Things that you can do to improve the performance of Cloudscape applications fall into three categories. In order of importance, these categories are:

  1. Avoiding Table Scans of Large Tables
  2. Avoiding Compiling SQL Statements
  3. Shielding Users from Cloudscape Class-Loading Events

Avoiding Table Scans of Large Tables

Cloudscape is fast and efficient, but when tables are huge, scanning tables may take longer than a user would expect. It's even worse if you then ask Cloudscape to sort this data.

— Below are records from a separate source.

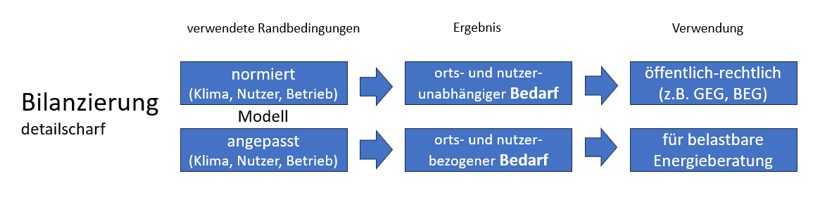 Wenn im Zusammenhang mit Energie-Bilanzierung vom Bedarf gesprochen wird, ist das ein berechnetes Ergebnis, das auf den Dateneingaben, aber auch auf vielen Randbedingungen und weiteren Annahmen beruht. Je nach Anwendungsfall ist das sehr häufig der normierte Bedarf – mit den Randbedingungen für den öffentlich-rechtlichen Nachweis weg (z.B. GEG und BEG), aber auch der angepasste Bedarf, bei dem die lokalen und individuellen Nutzer- und Nutzungs-Bedingungen für das Modell herangezogen werden.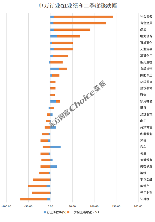 4月末,随着A股一季报披露完毕,市场迎来反弹行情。这期间,一季报业绩高增长的社会服务、有色金属、煤炭、电力设备、食品饮料等行业表现出色。Choice数据显示,有色金属行业一季报业绩增长119.61%,二季度板块上涨6.82%;电力设备行业一季报业绩增长52.72%,二季度板块上涨15.10;食品饮料一季报业绩增长18.12%,二季度板块上涨20.19%。相反,业绩增速下滑的行业则多数跑输市场平均水平。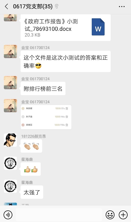 原文才最能体现理论的精神实质和核心要义,而学习原文才最能深刻领悟两会重要精神,因此,全体成员在研讨后,于24日对《政府工作报告》进行了阅读学习。为了加深对关键要点的理解,领学小组又制作了一份《政府工作报告小测试》,包含“六稳”“六保”的概念、三大攻坚战的举措、公共卫生体系建设的着力点等,以考促学,并展示考试分数排名。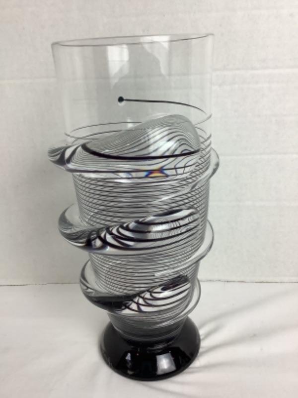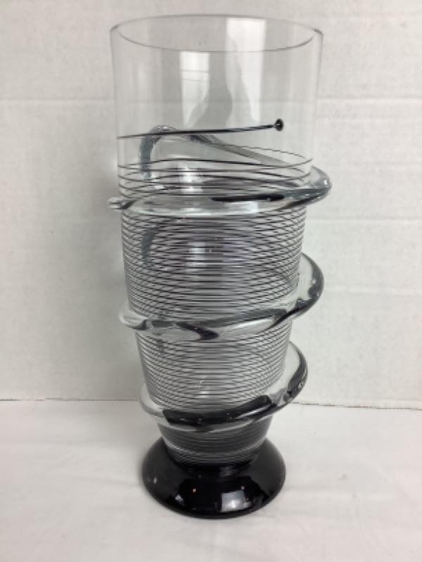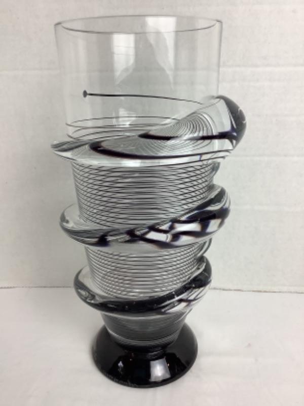Beautiful Clear Glass Vase with Black Swirled Throughout by Chip Scarborough -

Things that you can do to avoid table scans fall into two categories. These categories are, in order of importance:

  1. Index, Index, Index
  2. Prevent the User from Issuing Expensive Queries
  3. Understand When Statements Go Stale

Index, Index, Index

Have you ever thought what it would be like to look up a phone number in the phone book of a major metropolitan city if the book were not indexed by name? For example, to look up the phone number for John Jones, you couldn't go straight to the J page. You'd have to read the entire book. That's what a table scan is like. Cloudscape has to read the entire table to retrieve what you're looking for unless you create useful indexes on your table.

Create Useful Indexes

Indexes are useful when a query contains a WHERE clause. Without a WHERE clause, Cloudscape is supposed to return all the data in the table, and so a table scan is the correct (if not desirable) behavior. (More about that in Prevent the User from Issuing Expensive Queries.)

Cloudscape creates indexes on tables in the following situations:

  • When you define a primary key, unique, or foreign key constraint on a table. See CONSTRAINT clause of the Cloudscape Reference Manual for more information.
  • When you explicitly create an index on a table with a CREATE INDEX statement.

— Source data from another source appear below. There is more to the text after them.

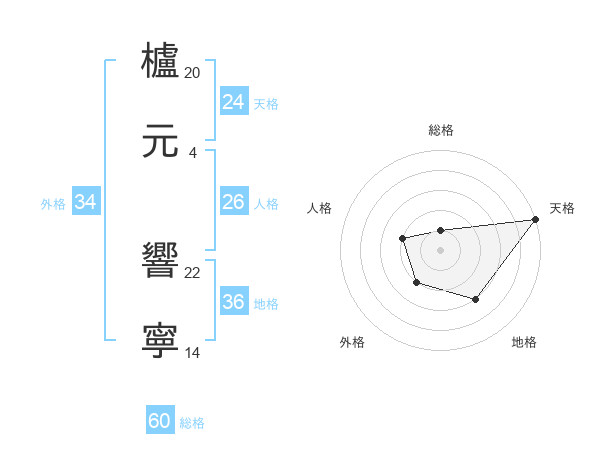櫨元 響寧さんを姓名の画数から五運を鑑定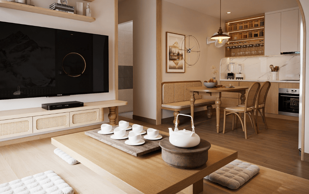 Điểm nhấn của phong cách Wabi-sabi nằm ở việc trân trọng những vật liệu tự nhiên và các dấu vết của thời gian. Các gam màu này sẽ giúp làm nổi bật vẻ đẹp của sự giản dị, của những vết rạn nứt hay sự không đồng đều, biến chúng thành một phần của câu chuyện không gian.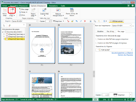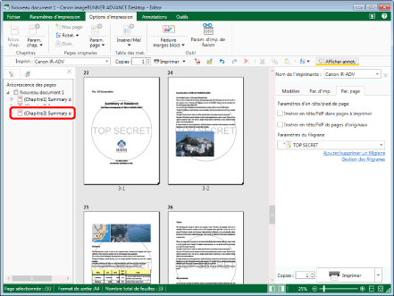 Lors de l'ajout de filigranes aux pages à imprimer, celles-ci sont différentes pour chaque chapitre dans le cas suivant :

For an index to be useful for a particular statement, one of the columns in the statement's WHERE clause must be the first column in the index's key.

NOTE: For a complete discussion of how indexes work and when they are useful (including pictures), see What Is an Index? and Index Use and Access Paths.

Indexes provide some other benefits as well:

  • If all the data requested are in the index, Cloudscape doesn't have to go to the table at all. (See Covering Indexes.)
  • For operations that require a sort (ORDER BY), if Cloudscape uses the index to retrieve the data, it doesn't have to perform a separate sorting step for some of these operations in some situations. (See About the Optimizer's Choice of Sort Avoidance.)

NOTE: Don't index on large columns.

Make Sure They Are Being Used, and Rebuild Them

If an index is useful for a query, Cloudscape is probably using it. However, you need to make sure. Analyze the way Cloudscape is executing your application's queries. See Analyzing Statement Execution for information on how to do this.

In addition, over time, index pages fragment. Rebuilding indexes improves performance significantly in these situations. To rebuild an index, drop it and then re-create it.

Think About Join Order

For some queries, join order can make the difference between a table scan (expensive) and an index scan (cheap). Here's an example:

SELECT hotel_name
FROM Hotels, HotelAvailability
WHERE Hotels.hotel_id = HotelAvailability.hotel_id
AND Hotels.city_id = 10

If Cloudscape chooses Hotels as the outer table, it can use the index on Hotels to retrieve qualifying rows. (Given the data in toursDB, it will return three rows; three hotels have a city_id of 10.) Then it need only look up data in HotelAvailability three times, once for each qualifying row. And to retrieve the appropriate rows from HotelAvailability, it can use an index for HotelAvailability's hotel_id column instead of scanning the entire table.

If Cloudscape chooses the other order, with HotelAvailability as the outer table, it will have to probe the Hotels table for every row, not just three rows, because there are no qualifications on the HotelAvailability table.

For more information about join order, see Joins and Performance.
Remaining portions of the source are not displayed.